Oomycetes have long been considered as a separate class within the kingdom Fungi, but they are in fact closer to brown algae. They are currently classified in the Stramenopile eukaryotic kingdom, which includes heterokont algae and water molds. The major cell wall polysaccharides in Oomycetes are b-(1à3) and b-(1à6)-glucans, as well as cellulose, which has never been reported in any fungal species. Chitin - the major cell wall polysaccharide in fungi - occurs in minor amounts in the walls of some Oomycetes. Some Oomycete species are pathogens of great economical importance. For example, species of the genus Phytophthora are well studied plant pathogens that cause considerable economical losses in agriculture. Saprolegniosis, a fish disease caused by species from the genus Saprolegnia, is a major problem in the aquaculture industry and represents a threat to populations of salmonids in natural habitats. Currently, there are no chemicals available that are at the same time efficient Oomycete inhibitors, environmentally friendly and safe for human consumption of treated fishes. The biosynthesis of cellulose in Oomycetes is poorly understood, even though this biochemical pathway represents a potential target for new Oomycete inhibitors. In this work, cellulose biosynthesis was investigated in two selected Oomycetes, the plant pathogen Phytophthora infestans and the fish pathogen Saprolegnia monoica.

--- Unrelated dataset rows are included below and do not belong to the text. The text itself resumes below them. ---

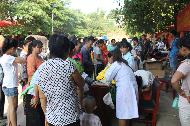 9月16日,金平县人口计生局、卫生局、计生协会、残疾人联合会深入金水河镇联合镇计生办、卫生院、残联利用群众赶集日开展出生缺陷干预宣传周服务活动。宣传活动内容主要有:怀孕生育有关的心理、生理知识,婚前医学检查服务的内容及目的,实行计划妊娠的重要性和基本方法,孕前准备和孕前优生健康检查的内容及意义,孕期保健、产前筛查和产前诊断、新生儿疾病筛查、0-6岁儿童残疾筛查和康复服务的重要意义和内容,预防出生缺陷等不良妊娠结局的主要措施等。活动共发放国家免费孕前优生健康检查知识读本500份,优生优育知识读本300份,避孕药具3000余份,出生缺陷预防知识宣传和关爱残疾人与残疾人保健知识宣传环保袋400支,宣传纸杯3000支,免费义诊100余人次,提供各种咨询活动200余人次。
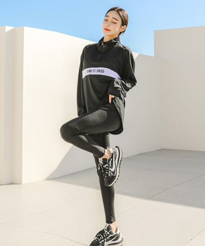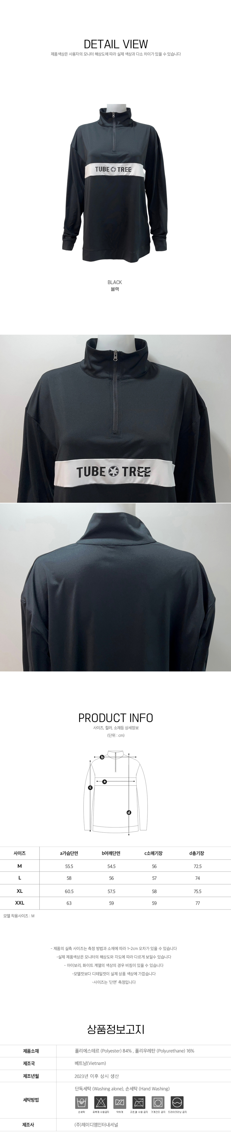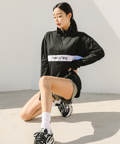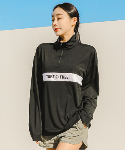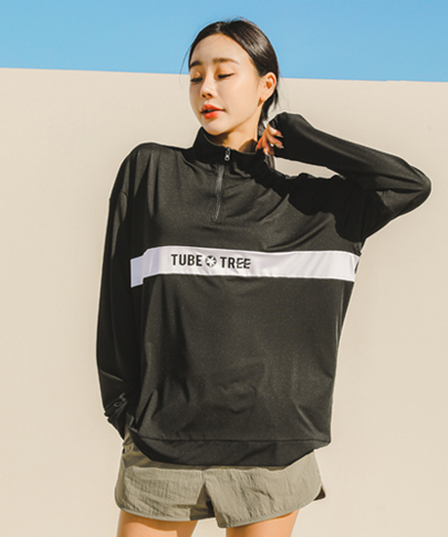 여성용 루즈핏 아노락 반집업 래쉬가드 B722 블랙
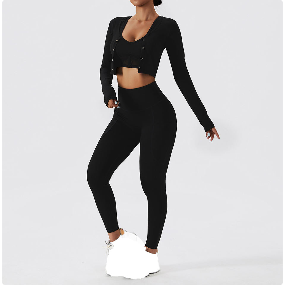 ชุดออกกำลังกายแบบไร้ตะเข็บสำหรับผู้หญิงชุดบราเลกกิ้งเอวสูงชุดออกกำลังกายแบบไร้ตะเข็บระบายอากาศได้ชุดโยคะสามชิ้นสำหรับเล่นกีฬา
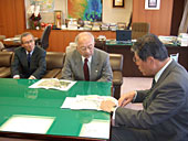 国土交通省では、中村市長と小林議長が地図を広げ、谷口博昭技監と菊川滋高速・有料道路担当官房審議官に、同市にとっての必要性を説き、事業採択とアクセス道路の整備支援を求めた。
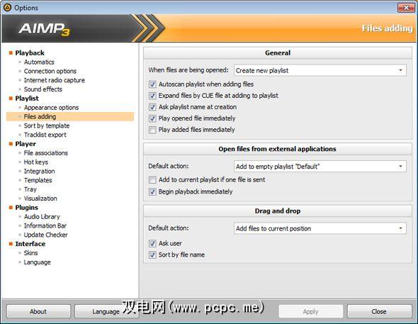 如今,正如大多数音乐播放器所期望的那样,AIMP3提供了广泛的自定义选项。一些是后端操作调整,例如在收听Internet广播时停止所需的超时。其他则是前端用户的调整,例如在播放列表中显示哪些列以及可视化效果如何。

A new Oomycete CesA gene family was identified. It contains four homologues designated as CesA1, CesA2, CesA3 and CesA4. The gene products of CesA1, 2 and 4 contain Pleckstrin Homology domains located at the N-terminus. This represents a novel feature, unique to the Oomycete CesA genes. CesA3 is the dominantly expressed CesA homologue in the mycelium of both S. monoica and P. infestans, while CesA1 and CesA2 are up-regulated in virulent life stages of P. infestans. CesA4 was expressed only in minute amounts in all investigated types of cells. Gene silencing by RNA interference of the whole CesA gene family in P. infestans lead to decreased amounts of cellulose in the cell wall. The inhibitors of cellulose synthesis DCB and Congo Red had an up-regulating effect on SmCesA gene expression, which was accompanied by an increased b-glucan synthase activity in vitro. In addition, these inhibitors slowed down the growth of the mycelium from S. monoica. Zoospores from P. infestans treated with DCB were unable to infect potato leaves and showed aberrant cell wall morphologies similar to those obtained by silencing the CesA gene family.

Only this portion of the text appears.